Awkward to get light and tough, I'd say.
This morning in Asda Living I saw a Compaq CQ56-1025A 15.6" laptop reduced from 327 to 277. That has a decent size keyboard, though for prevention of drinks/ crumbs getting into laptop (and sensible distance from screen, if used at home on a reasonable size desk) I would suggest a multimedia keyboard (has volume control, mute, jump to next/previous track, for use with Win Media Player [which he might use for MP3s and CDs] etc) which may be found for under a tenner (I should think) on Ebay. Means one uses the full set of keys and if switching to a different machine 2-3 years later, no need to get used to yet another keyboard layout (only really important functions on laptops are related to volume/ brightness and wi-fi controls sometimes through the laptop 'function' (fn) key and various other keys whether normal function or up/down etc). Those vary from laptop to laptop and are hardly needed on a frequent basis so a multimedia keyboard would do 99.9% of what one needs.
You would not get Office/Word included. I think Asda sells that at a further 107 pounds.
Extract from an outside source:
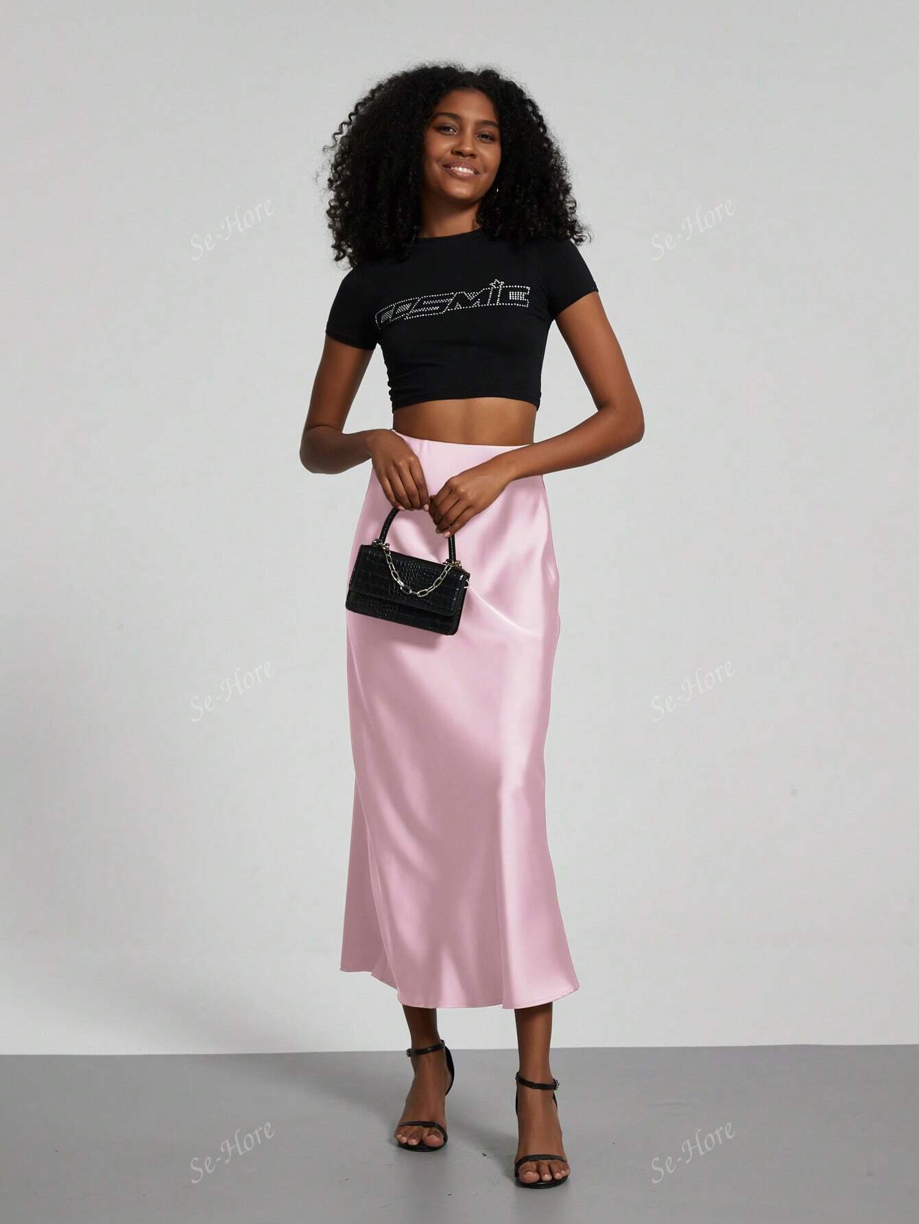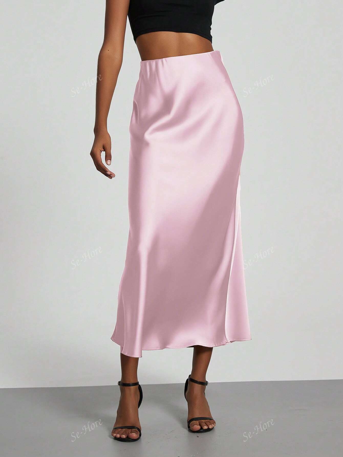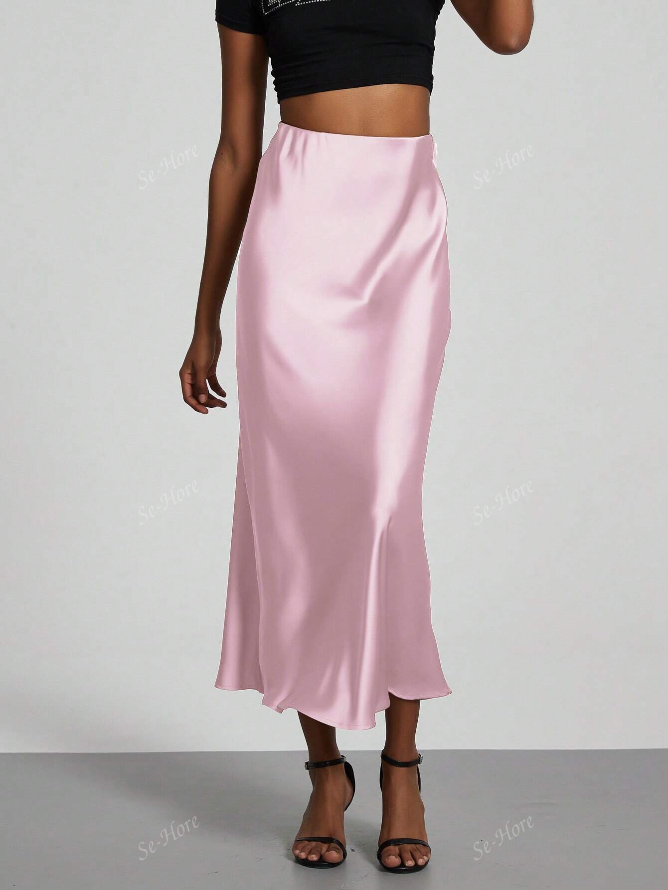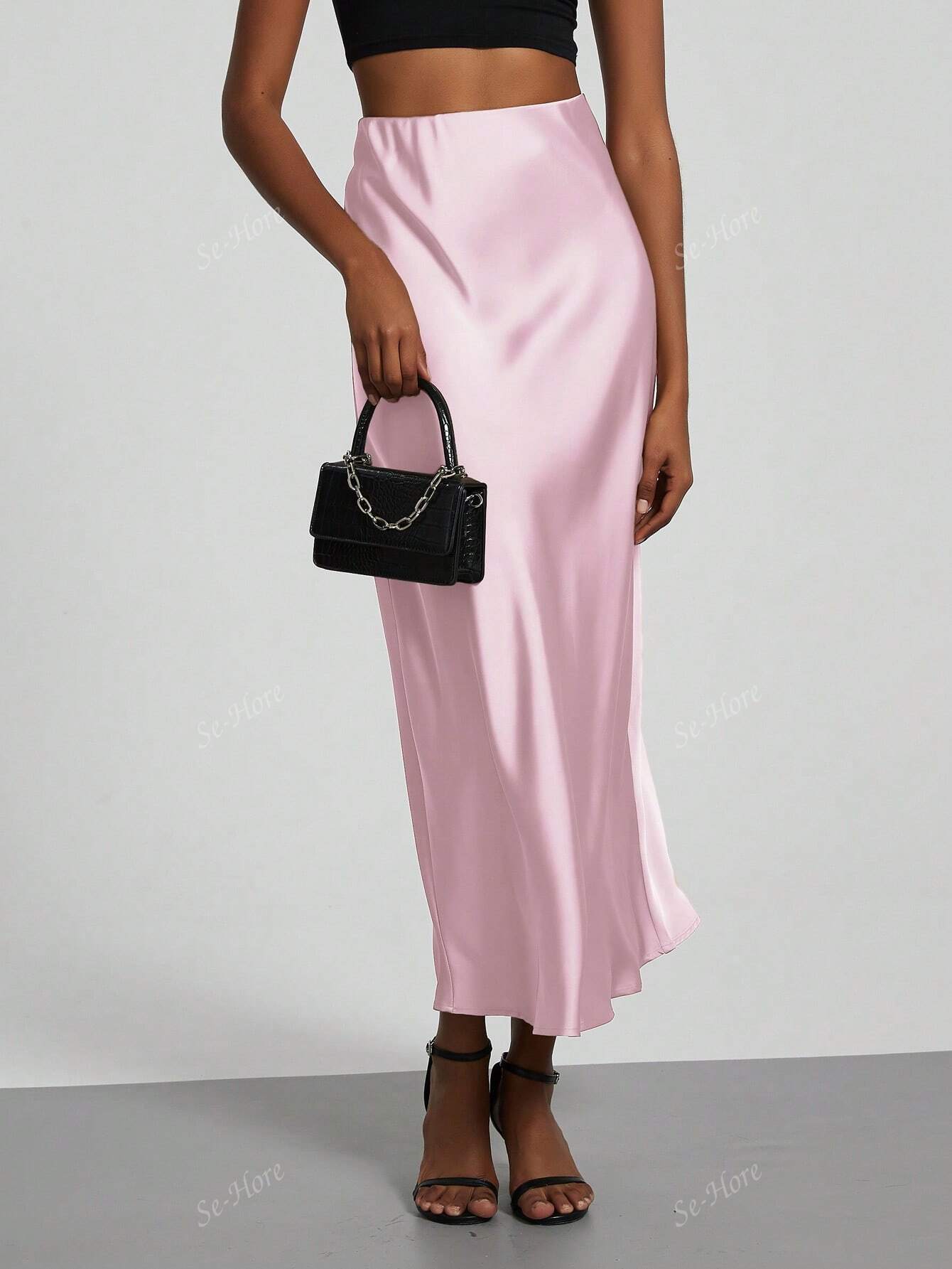 Se-Hore Fashion Flowing Satin Feel Elastic Waist Maxi Skirt For Women

However, OpenOffice (now probably LibreOffice) is available for free and should be able to save MS Word 2003 compatible documents which could be used at school. Would be worth checking with school as to what they recommend and whether they have any scheme for software licences/ purchase to save you cash, and if they insist on Microsoft it shows they are short-sighted about how it just benefits MS with thousands of pounds spent when other software is capable and cheaper or (like OpenOffice/ LibreOffice) FREE.
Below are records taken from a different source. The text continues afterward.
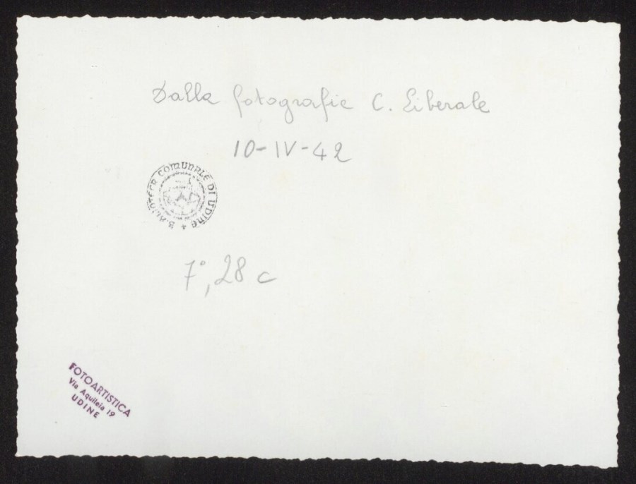 L'immagine riprende la scala di accesso al Tempio Ossario di Udine, il 10 aprile 1942, in occasione della cerimonia in memoria dei quasi mille Alpini del Battaglione "Gemona" caduti nell’affondamento, il 28 marzo 1942, della nave Galilea che doveva riportarli in Patria dopo le vicende sui monti della Grecia. Nello scatto si vedono le due ali di Autorità militari e civili sui lati della scala, la grande corona d'alloro con il nastro con la scritta "Il Duce" deposta al centro della scala, il picchetto di Alpini e Carabinieri al centro. La cerimonia assurse a celebrazione commovente di tutti gli Alpini caduti della "Divisione Julia" e degli altri Battaglioni dell'8° Reggimento.
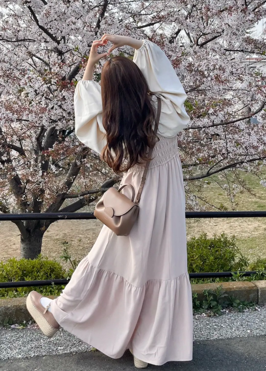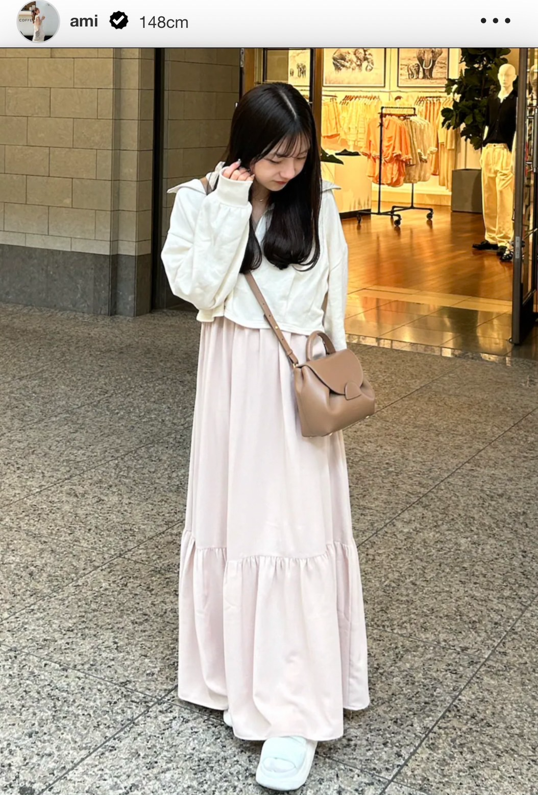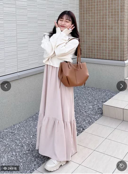丸いシルエットになるように入ったタックは目線を高く見せてくれます。
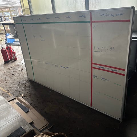 Whiteboard i hvidt træ med glas overflade. Har en robust konstruktion og er designet i en sekskantet form. Whiteboard i høj kvalitet og tungt, B. 150 cm. H. 130 cm.

(Sorry, have a particular 'bee in my bonnet' about use of MS software as if there's nothing else, and how much is spent in local/ national government on it, where some other regions [eg in Germany] have adopted open source software as a cost saving measure, just as good, with no 3 year life cycle of redundancy, which is what Microsoft builds in, so they have a revolving door source for neverending income!)